Он сказал, что одна дама, живущая по ту сторону реки, очень хочет ребенка. Я сказала ему, что ей следовало бы поговорить об этом со своим мужем, а не посылать ко мне пастора. А он сказал, что если я отдам ребенка, то отец, возможно, простит мне мои грехи и позволит вернуться в дом. Я спросила у пастора, что он знает о том, что случилось, и он сказал, что знает все, что ему следует, и я сказала ему, что он не очень-то много знает. Он весь раздулся как жаба и покраснел. Он сказал, что незамужняя девица с ребенком не должна говорить со старшими в таком тоне и что совсем неудивительно, что отец вышвырнул меня из дома. Он сказал, что папа поступил правильно. Он сказал, что в старые бремена меня бы забили камнями до смерти за то, что я сделала. Так я больше ничего не сказала, пока он не ушел. Никто не отберет у меня Джошуа.
Я попыталась поговорить сегодня с папой, но он прошел мимо так, словно меня вообще не было. Я последовала за ним на выгоревшее поле и стала умолять, но он притворялся, что ничего не слышит, пока Джошуа не заплакал. Тогда он обернулся и посмотрел на меня. Я никогда не видела такого выражения на его лице. Я вообще никогда не видела, чтобы кто-нибудь так смотрел. Он сказал, чтобы мы убирались подальше или он убьет нас обоих. Я сказала, надвигается зима, папа. Ты хочешь, чтобы мы умерли?
Он сказал – да.
Сегодня выпал первый снег. У козы уже нет молока. Кажется, что я вовсе не уберегла ребенка от смерти. Только обрекла его на страдания.

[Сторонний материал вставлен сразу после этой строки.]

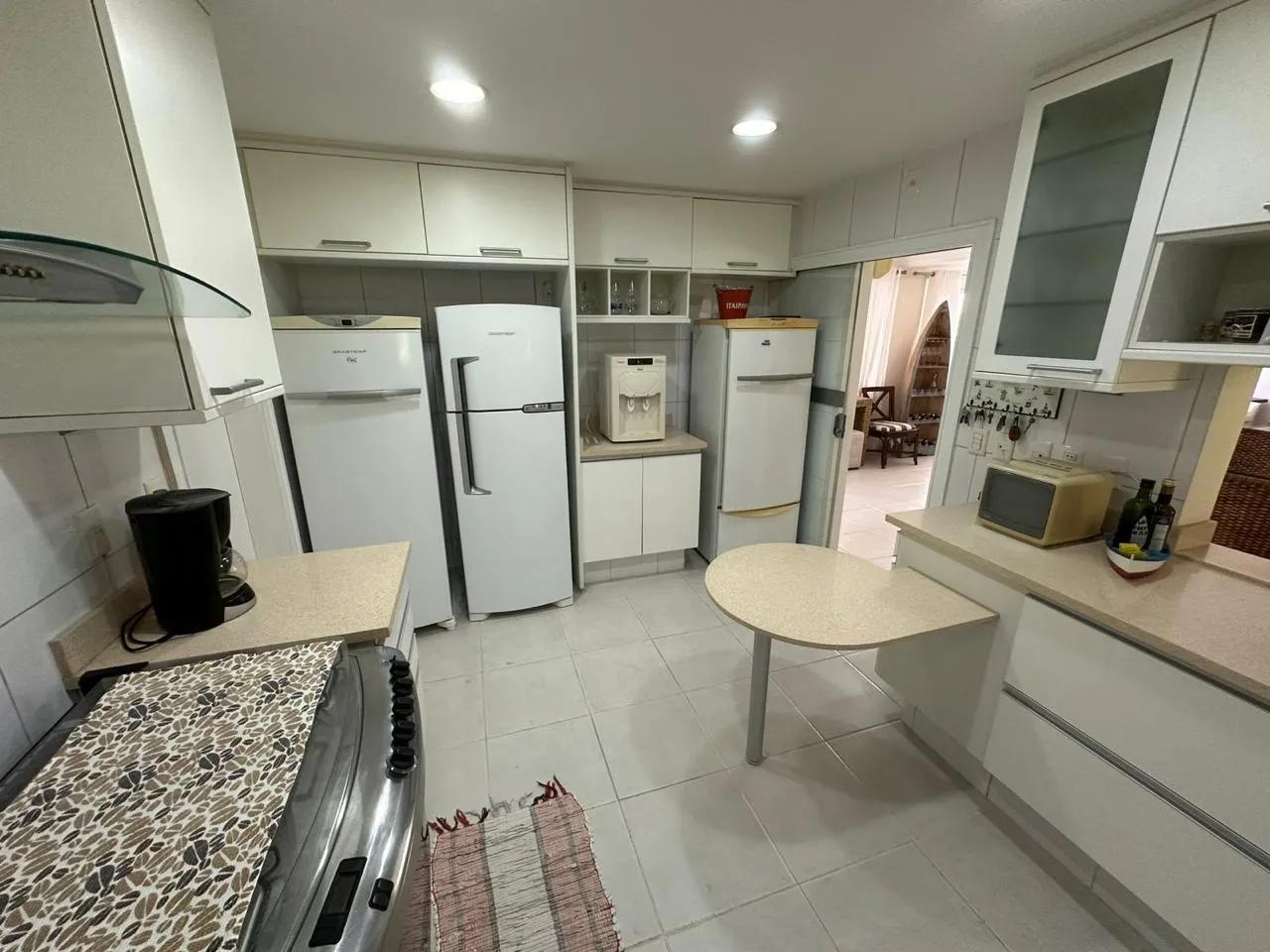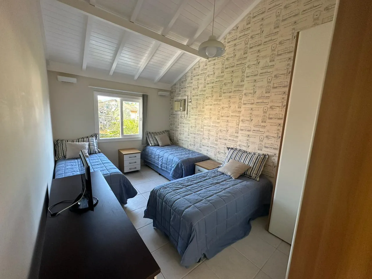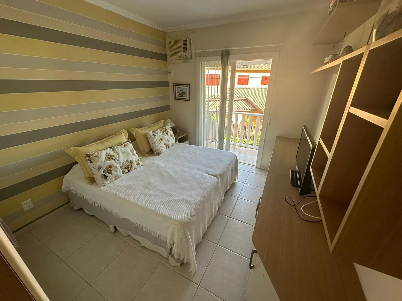 Área Interna da Casa: Sala de estar e jantar ampla, 2 suítes, 2 quartos ar-condicionado em todos os cômodos, internet, TV, e cozinha equipada.
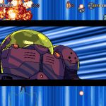 Voltando a mencionar no diferencial de Rival Megagun, o jogo tem uma ideia interessante quando jogado em modo cooperativo em dois jogadores. Nesse formato um jogador compete com o outro, tornando seu rival. Assim o game funciona em tela dividida com uma progressão vertical (a tela avança para cima), e aí um jogador pode atacar o outro, enviando mísseis para a tela ao lado. Mas não só isso, o jogo escala até um momento em que um dos jogadores se torna o chefe de seu rival, quando sua nave mega transforma em uma super nave para na tela do adversário. Diferente, não?
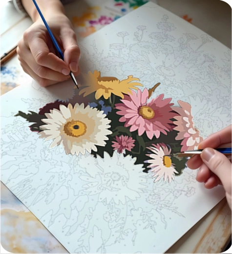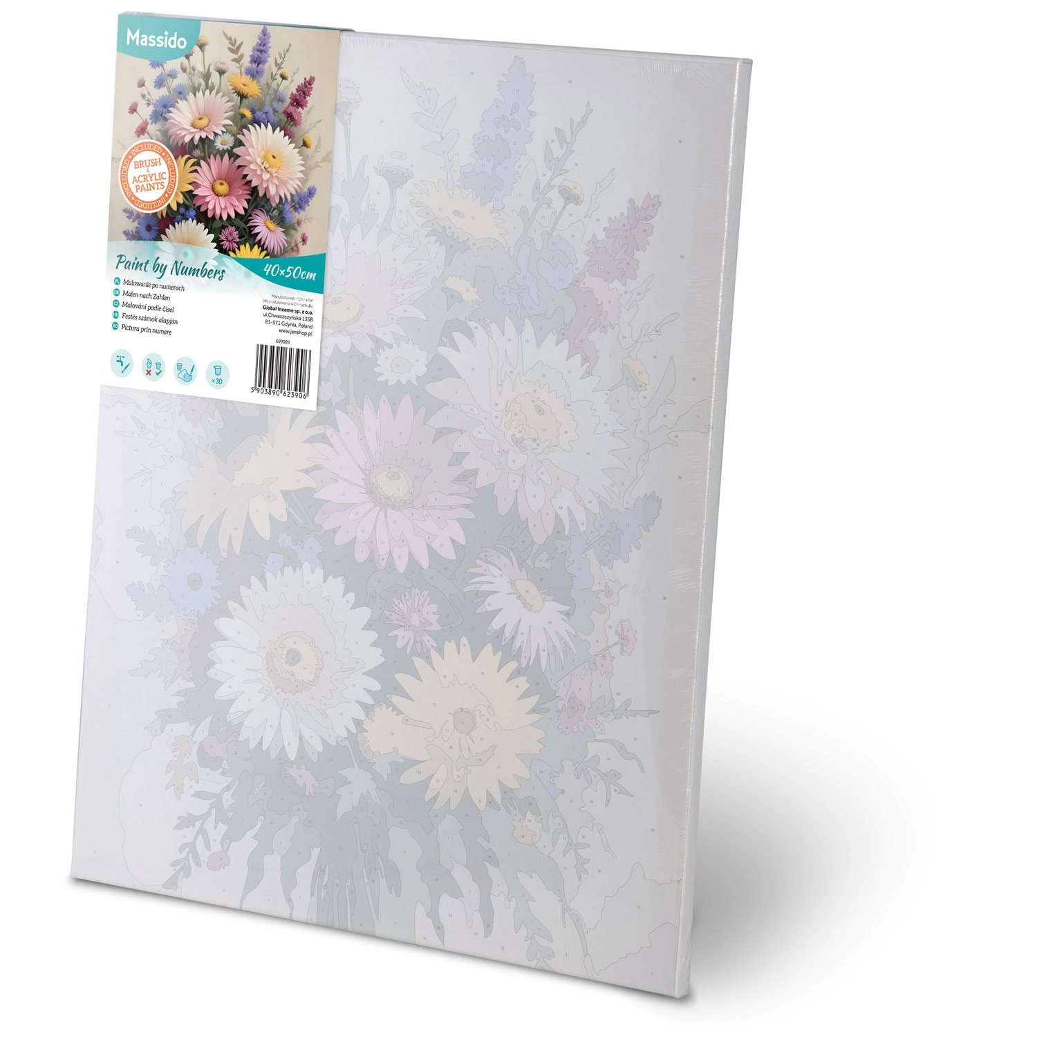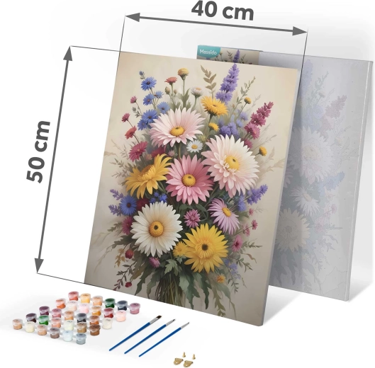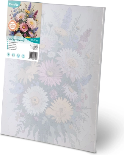 Skab dit eget blomsterkunstværk på et kvalitetslærred på træramme. Takket være den farvede undergrund med fine linjer og tydeligt markerede felter er malingen flydende og stressfri, selv hvis du er nybegynder. Intense, dækkende farver giver en smuk finish uden at du behøver blande nuancer.
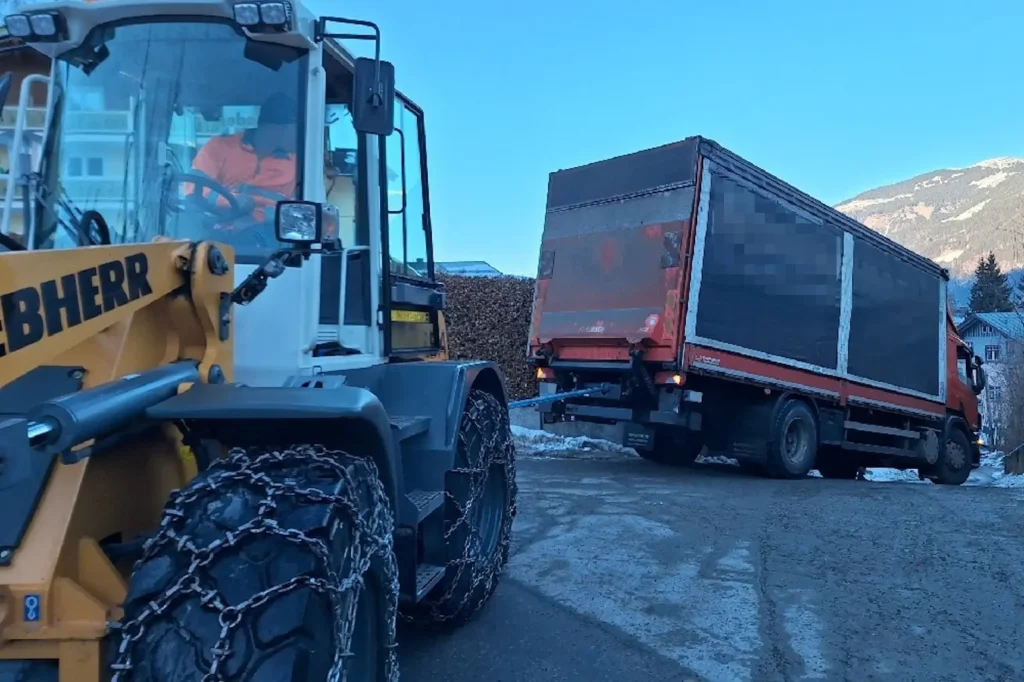 Feuerwehr befreit festgefahrenen Lkw in Zell am See
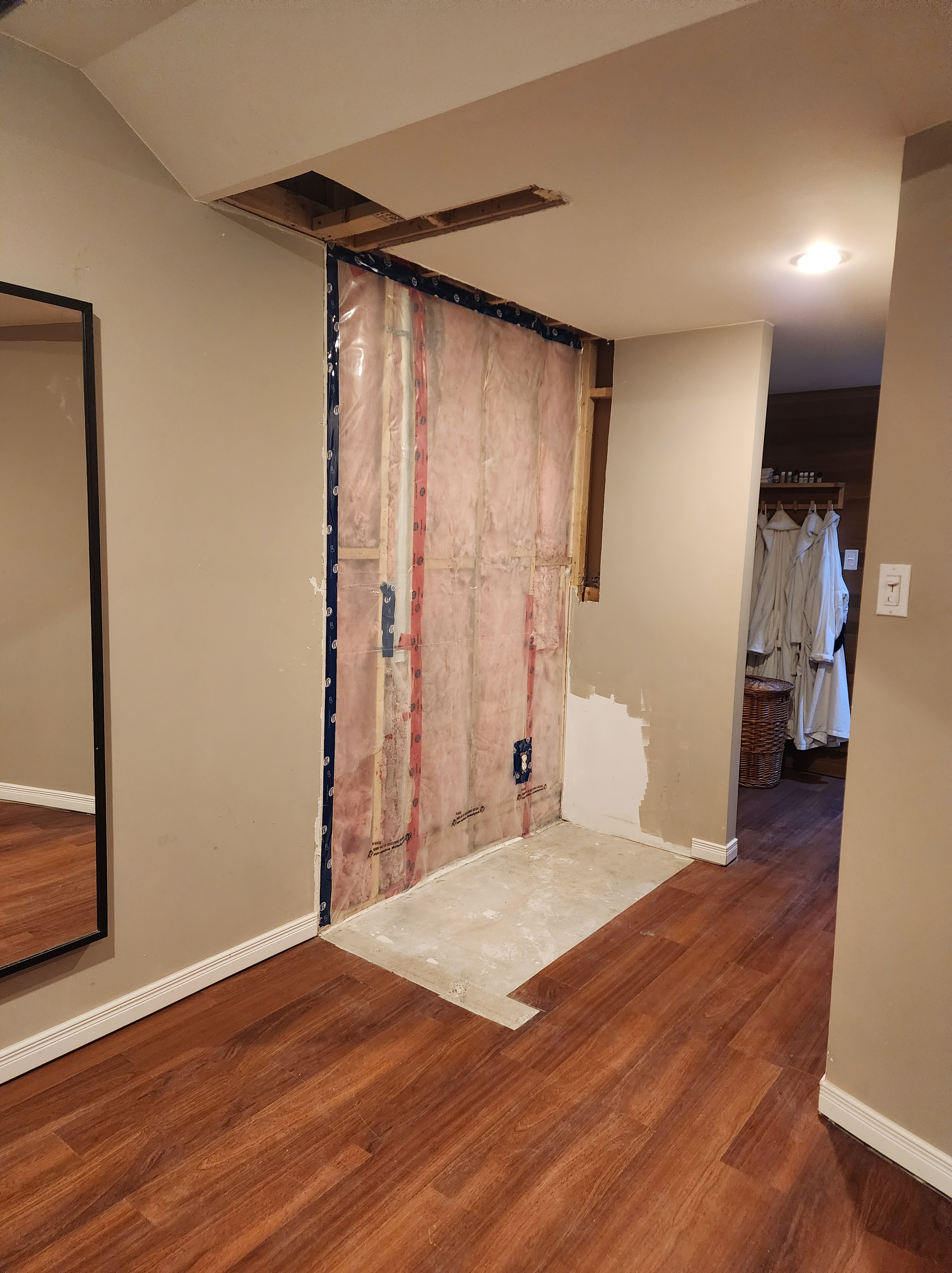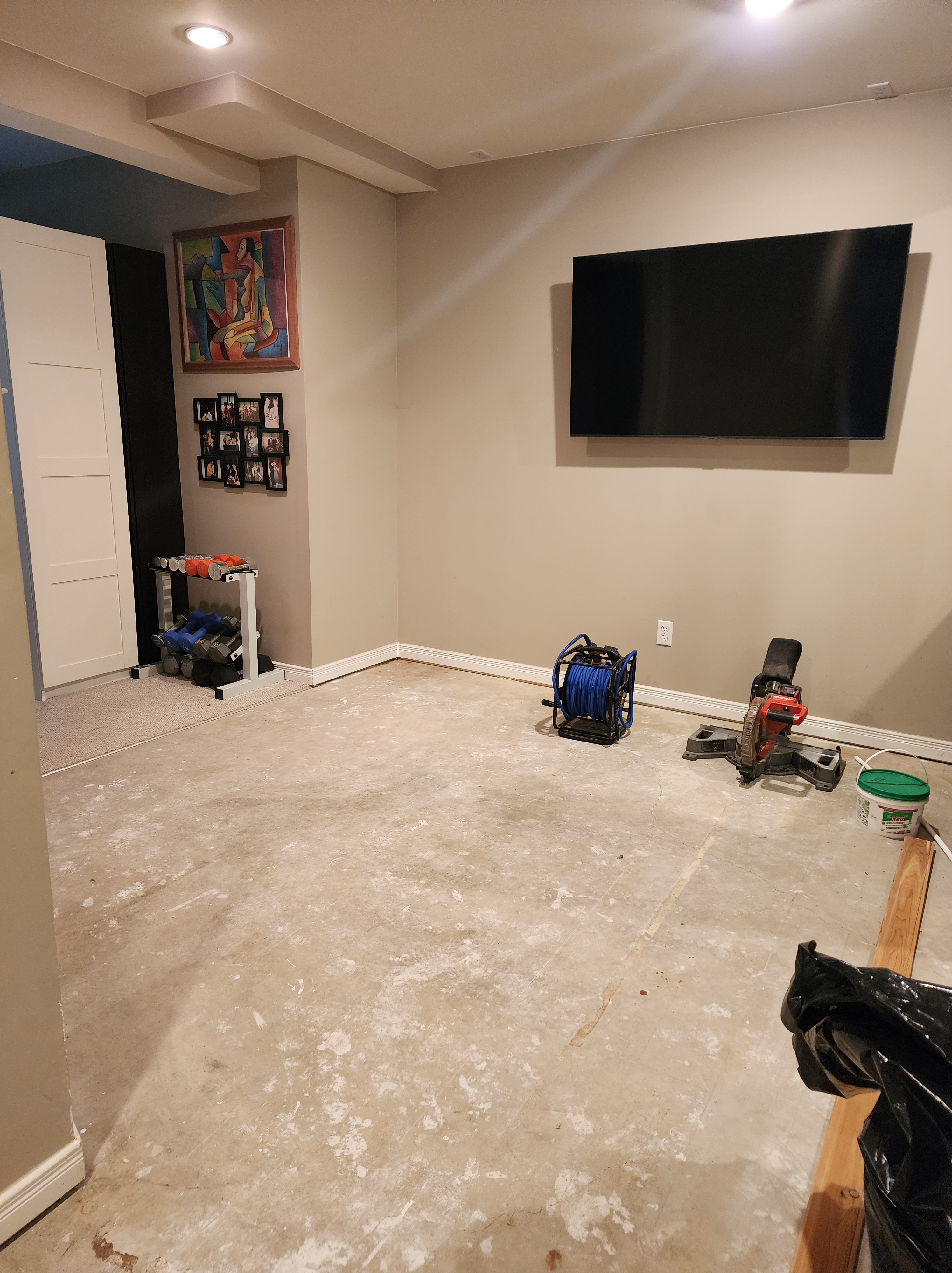 Originally, the laundry machines were older side by side units located in the basement, next to their home gym. With the new machines now up in the bathroom on the second floor, we were able to use the space where they were to enlarge the gym area. We took out the wall that separated the laundry machines from the gym, patched and painted it and removed the old flooring.

Снова приходил пастор. Он сказал, что если я не отдам ребенка той женщине, то папа пошлет нас в Фивер-Ривер к сестре моей матери вместе с Райнхольцами, семьей переезжающих немцев. Пастор сказал, что месяц назад лихорадка унесла двоих детей Райнхольцев, и они не могут переждать даже зиму, так им бее здесь напоминает об их горе. Добрым, истинно христианским поступком будет отдать им этого ребенка. Я сказала, что если они сумели родить двоих детей, то смогут иметь еще, а я не собираюсь отдавать свою кровинку ни по какой причине. Он сказал, что я безжалостная и самонадеянная. Когда я промолчала, он спросил, знаю ли я, что означает самонадеянная. Я сказала, что это когда кто-либо думает, что уже знает все на свете, что нужно знать, но не знает ничего.
Он сказал, что я слишком упрямая. Может, так оно и есть. Но я знаю наверняка, что пастору будет труднее проглотить правду, чем ложь, которую он все продолжает пережевывать.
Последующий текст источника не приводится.